# Need Jig for Dovetailing ½” stock + Rockler woes + Katie?



## JavaGeek (Jul 25, 2010)

Hello All,
Can you recommend a jig for cutting dovetails that works with 1/2" stock?

I want to cut dovetails in 1/2" and 3/4" stock. I wish to build drawers and boxes. I'd also like to build boxjoints, but only if it is a reasonable price (hopefully under $150 or so extra for box joints). I want something that won't make a huge mess, so I either need something with dust collection, or I need to get a router that lets my hook dust collection up to the base. 

What is the most reasonably priced way to make good dovetails in 1/2" stock without making a huge mess? My wife won't be happy, but I can scrounge up about $400 for the total purchase, but not much more. 

I have a nice router table with a PC 890 in it, so I would prefer one that works with a router table as it does a great job of dust collection and seems easier/faster to use. I also have a Bosch Colt which I have been using now with my current jig, but could upgrade to a more powerful router if I need to.

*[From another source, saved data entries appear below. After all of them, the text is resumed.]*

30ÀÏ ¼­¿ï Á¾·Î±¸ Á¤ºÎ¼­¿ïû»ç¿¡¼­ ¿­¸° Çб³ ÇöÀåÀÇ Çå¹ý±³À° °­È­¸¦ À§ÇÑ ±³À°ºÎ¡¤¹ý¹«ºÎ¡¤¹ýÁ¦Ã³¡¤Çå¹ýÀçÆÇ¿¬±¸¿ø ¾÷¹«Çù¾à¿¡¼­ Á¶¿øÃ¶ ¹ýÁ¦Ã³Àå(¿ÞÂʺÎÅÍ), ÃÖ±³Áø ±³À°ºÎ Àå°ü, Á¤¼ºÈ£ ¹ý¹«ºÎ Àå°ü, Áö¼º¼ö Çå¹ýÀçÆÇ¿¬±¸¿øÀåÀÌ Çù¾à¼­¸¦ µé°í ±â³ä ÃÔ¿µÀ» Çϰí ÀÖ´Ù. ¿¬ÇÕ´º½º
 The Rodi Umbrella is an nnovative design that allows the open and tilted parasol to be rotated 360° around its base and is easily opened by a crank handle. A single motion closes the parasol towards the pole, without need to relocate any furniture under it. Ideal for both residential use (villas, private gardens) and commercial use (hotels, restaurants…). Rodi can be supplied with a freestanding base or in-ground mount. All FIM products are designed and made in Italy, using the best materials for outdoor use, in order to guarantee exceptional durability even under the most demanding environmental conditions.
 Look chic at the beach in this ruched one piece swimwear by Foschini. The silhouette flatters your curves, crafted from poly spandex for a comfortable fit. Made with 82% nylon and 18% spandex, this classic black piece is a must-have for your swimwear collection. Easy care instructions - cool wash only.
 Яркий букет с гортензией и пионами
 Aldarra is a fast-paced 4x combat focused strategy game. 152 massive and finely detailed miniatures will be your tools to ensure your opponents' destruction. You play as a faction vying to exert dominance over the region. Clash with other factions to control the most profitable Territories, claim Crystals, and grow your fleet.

I bought a Rockler dovetail jig and it has been a disaster. There are 3 major problems:

The side stop is 1/8 an inch off so the stock never lines up on a half-blind joint. 
It cannot cut 1/2" through dovetails. The bushings don't give enough clearance for the 8 deg bit. You will cut into your bushings if you set the depth correctly (actually, I cut through the bushing and had over a 1/16" of extra depth, so I gave it a bit more clearance than I should have). 
It has an awesome dust collector that is extremely effective, but it blocks the screw for the side stop meaning you have to disassemble the front clamp (which takes awhile) if you wish to change stock size. 
Also, the recommended measurements are not accurate...I am less enraged about this as they're within 1/6th of an inch, but it is really frustrating spending more time cutting test pieces EACH TIME than actually cutting stock.

I am going to return this frustrating, defective excuse for a tool. Now I need a new dovetail jig. 

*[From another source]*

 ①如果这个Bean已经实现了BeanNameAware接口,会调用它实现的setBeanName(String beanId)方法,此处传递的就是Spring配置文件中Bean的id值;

What would you recommend? I think I'd like half-blinds as they seem fast to make with a PC/Leigh-style jig, but I don't think I care too much. I don't care too much about spacing, so variable spacing is not critical to me. 

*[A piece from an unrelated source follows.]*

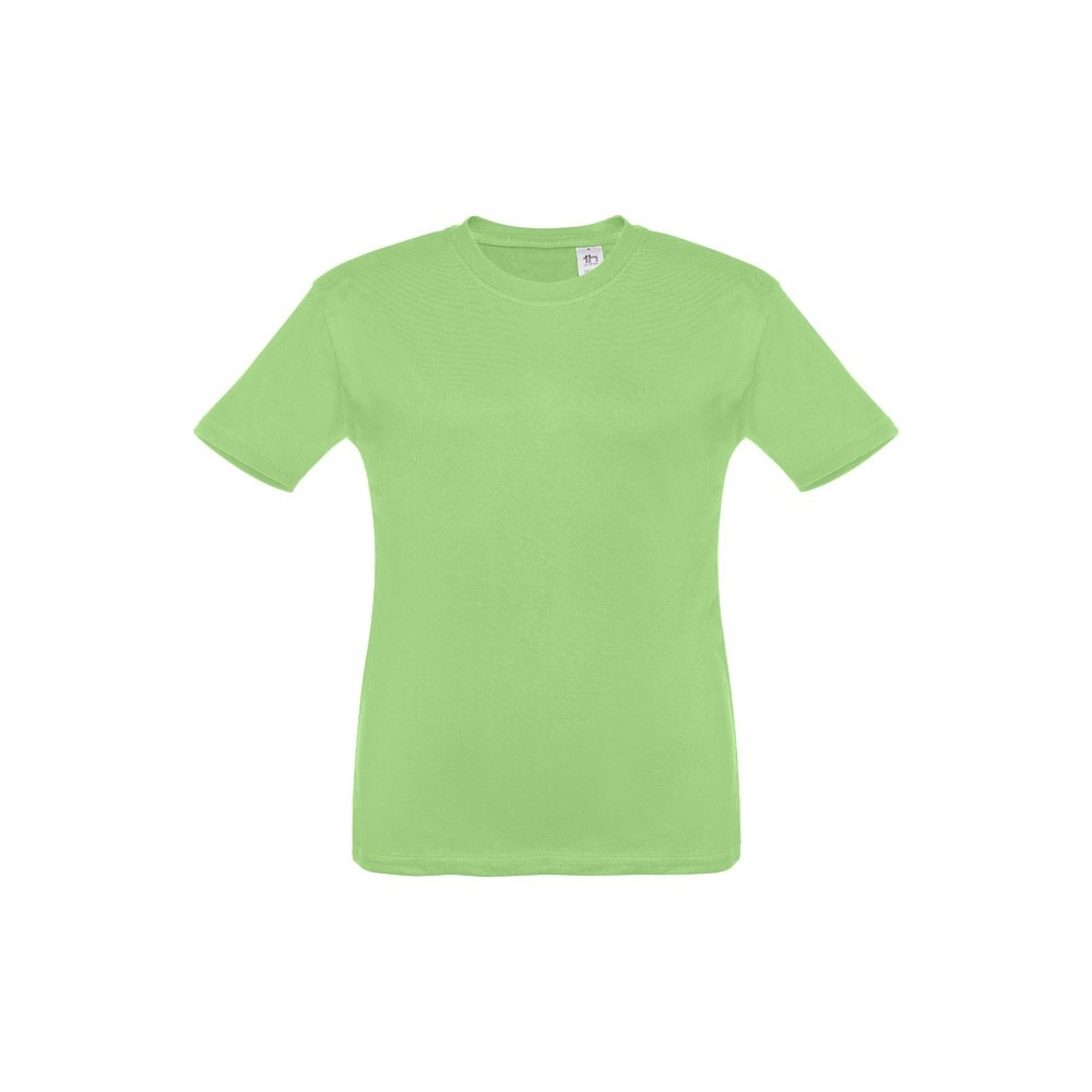 Kinder T-Shirt aus 100% Strickjersey und Baumwolle (150g/m²), unisex mit geripptem Kragen in 1x1 Ripp, Jersey-Verstärkung und Doppelnaht an den Ärmeln und Saum. Größen: 2, 4, 6, 8, 10, 12

The Katie Jig Jr looks pretty exciting as I can use my router table's dust collection. It looks like it is better built than the Keller jig. 

The general tools jig looks great, the price is right, and I can pick it up from a homecenter, but it appears to have gotten terrible reviews. 

I can afford a 12" porter cable jig, but it doesn't seem to support dust collection. For that price, I could get a new router and vacuum adapter for the base. Would that be as effective as a jig with dust collection? Also, I am concerned about the bushings with 1/2" stock. I assume the bushing issue is not limited to Rockler.

I can afford the 12" Leigh jig, but I am worried about making through dovetails. Is it easier to change stock sizes (going from a 1x4 to a 1x6, for example) than using a fixed template like Rockler/PC uses? With the Rockler, that operation involved adjusting the side stop, which means getting a screw driver out, adjusting, and unclamping and reclamping the pieces until they're precisely aligned. 


I think I am leaning toward the Katie jig for now and possibly buying something else for half blinds if the need arises. 

Is there any reason I shouldn't use a Katie?

It seems ideal as I can support the stock from front and behind, eliminating tearout, without having to do any calculations to adjust the templates. I can also do it quickly on a router table and use the table's dust collection. Afterwards, it won't take up much space. 

Thanks!!!


----------



## Glenmore (Sep 10, 2004)

Java I just got a dovetail machine easy as pie. Check out the one from general tool. Got it from amazon.com for 39 and change. Here is the link.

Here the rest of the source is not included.